Page MenuHomePhabricator

Conduct analysis for Alt Text experiment 15 days and 30 days after experiment start
Open, LowPublic

Description

Background
  • Release date: September 5th, 2024 - 7.5.8 (3979) and onwards
  • 15 Days- September 20, 2024
  • 30 Days- October 5, 2024
  • 60 Days- Nov 4, 2024
The Task
  • Compare results for experiment groups to control group data
  • Visualize and present the data in a way that is easily understandable to the team
Requirements
  • The data should be based on the metrics in the Epic
At 15 days:

Check metric-specific leading indicators:

  1. 100 edits with alt text values, from at least 25 unique editors. At least 25 edits are from newer editors
  2. More than 15 unique editors have been assigned to each experiment group
  3. 70% task acceptance rate for group B, at least 10% acceptance rate for group C (# of people who enter the flow / impressions of prompt)
  4. Revert rate for newer editors edits in any single group does not exceed 18%
  5. Add data into Grading Sheet
At 30 days (September 5 - October 5, 2024)

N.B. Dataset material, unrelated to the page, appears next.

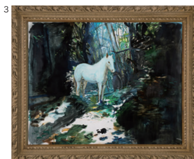
3 富安由真《The Pale Horse 蒼ざめた馬》2021 ©Yuma Tomiyasu 撮影：野口浩史 Courtesy of ART FRONT GALLERY

Measure KRs that require control group:

  • Edit return rate of editors in group B or C who have received an Alt text prompt does not differ from controls by more than 10%
  • Revert rate for edits from experiment groups does not exceed controls by more than 5 percentage points

Measure curiosities:

  • What is the most common reason that users decide not to act on the prompt? (Survey responses)
  • Did the overall constructive activation rate in the iOS app increase when we made Image recommendations available to brand new editors?
  • Add data into Grading Sheet
  • Pull matching data to this tab from image recs edits during same time period, for es, pt, zh, and fr (September 5 - October 5, 2024)
At 60 days:

Key Indicators

  1. 60% of group B editors publish an additional edit with alt text for the image they were prompted on
  2. 4% of group C users add alt text when prompted after editing an article
  3. Of group B editors who saw treatment and then make a subsequent image recommendations edit in the next 15 days, 25% add alt-text as a part of that edit
  4. 200 images are improved with Alt text, by at least 50 unique editors
  5. Add data into Grading Sheet
  6. Pull matching data to this tab from image recs edits during same time period, for es, pt, zh, and fr (September 5 - November 4, 2024)

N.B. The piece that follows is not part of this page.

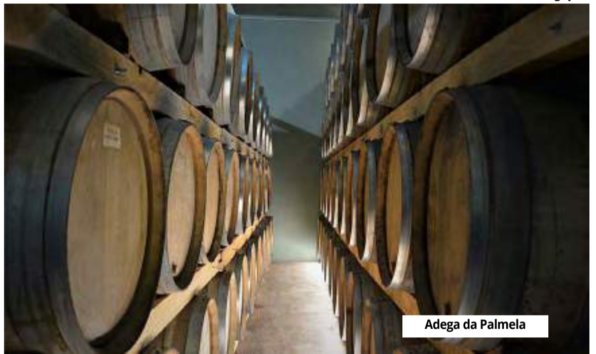
Adega da Palmela

Decision Matrix for next steps:

  1. If 71% of edits are scored a 3 or higher we will scale the feature. If less than 70% of edits are scored a 3 or higher we will improve guidance or use AI to better assist users.
  2. If quality scores for newer editors are more than 50% worse than quality scores for experienced editors, we will not recommend this task be available to newer editors.
  3. If we see at least 60% say they would use feature that provided a feed of images in need of alt text, then we will have the confidence to pursue a feed of alt-text suggested edits
  4. If 60% or more of respondents say they would be interested in similar edit notifications for articles they are working on, and 60% of respondents are satisfied with the feature (Group C survey responses), we share this information and consider future edit prompts.

Guardrails

  1. Edit return rate of editors in group B or C who have received an Alt text prompt does not differ from controls by more than 10%
  2. Revert rate for edits from experiment groups does not exceed controls by more than 5 percentage points
  3. Human-graded* or actual revert rate for newer editors in experiment groups does not exceed 18%
  4. Alt text task completion rate for newer editors is above 25% (Completion rate = number of alt text edits published / those who said “yes” to the prompt and started the flow)

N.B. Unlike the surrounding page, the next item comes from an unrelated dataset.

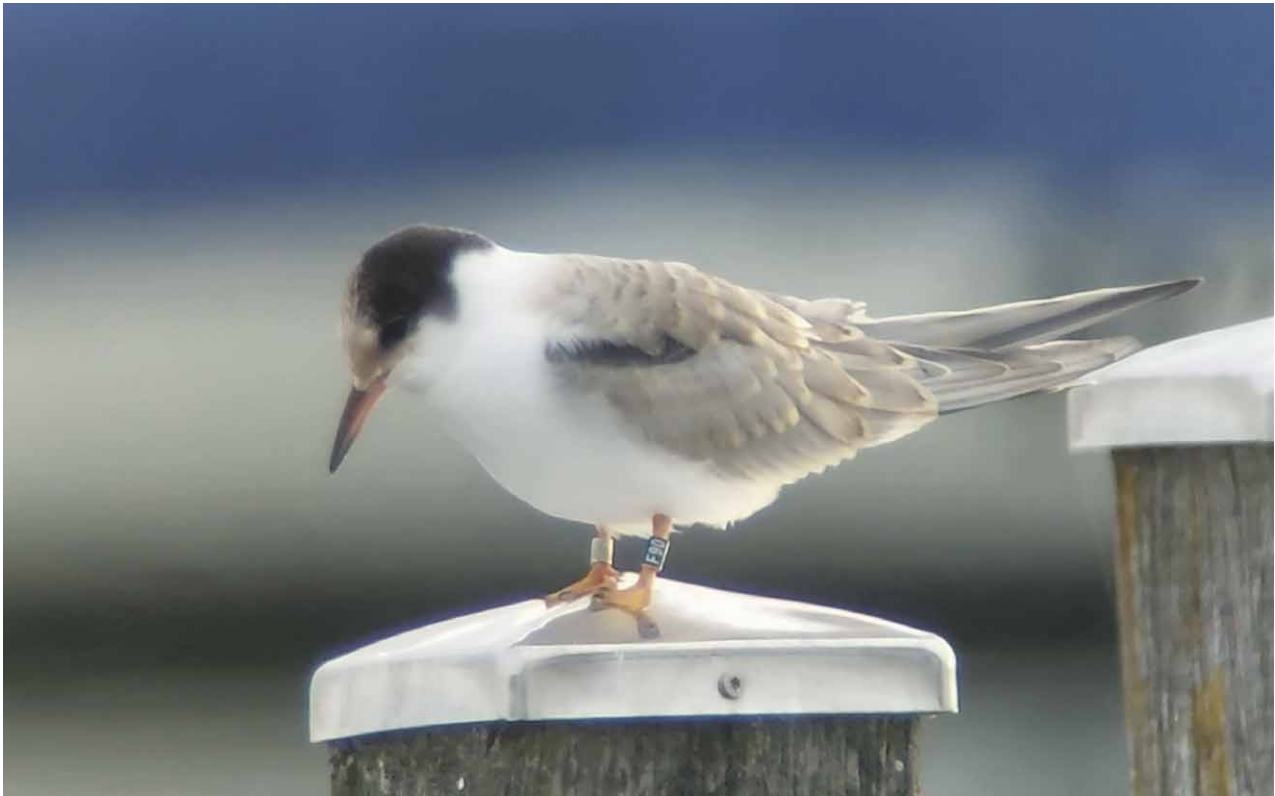
Diesjährige farbberingte Flusseeschwalbe »F90« am Starnberger See

Curiosities (nice to have)

  1. Did the overall constructive activation rate in the iOS app increase when we made Image recommendations available to brand new editors?
  2. How does the task completion rate, return rate, and revert rate for newer editors’ alt text edits compare with that of experienced editors? With that of comparable rates from Growth suggested edits?
  3. How does the human-graded revert rate compare to Android's Image Captions Suggested Edit?
  4. Is there a difference in Number of alt text edits & Unique editors by language and geography? (For example, breaking down edits from Latin America vs Europe for Spanish)
  5. What is the most common reason that users decide not to act on the prompt?

*Note: for the quality scores and human-graded revert scores, we will partner with an accessibility organization who will be reviewing and grading alt text.

{1} Definition of newer editors: Editors who had fewer than 10 edits on that wiki they are currently editing at the point they entered the experiment

Event Timeline

30 Day Analysis Data. Constructive activation metric on hold until mediawiki_history is rolled up for 2024-10.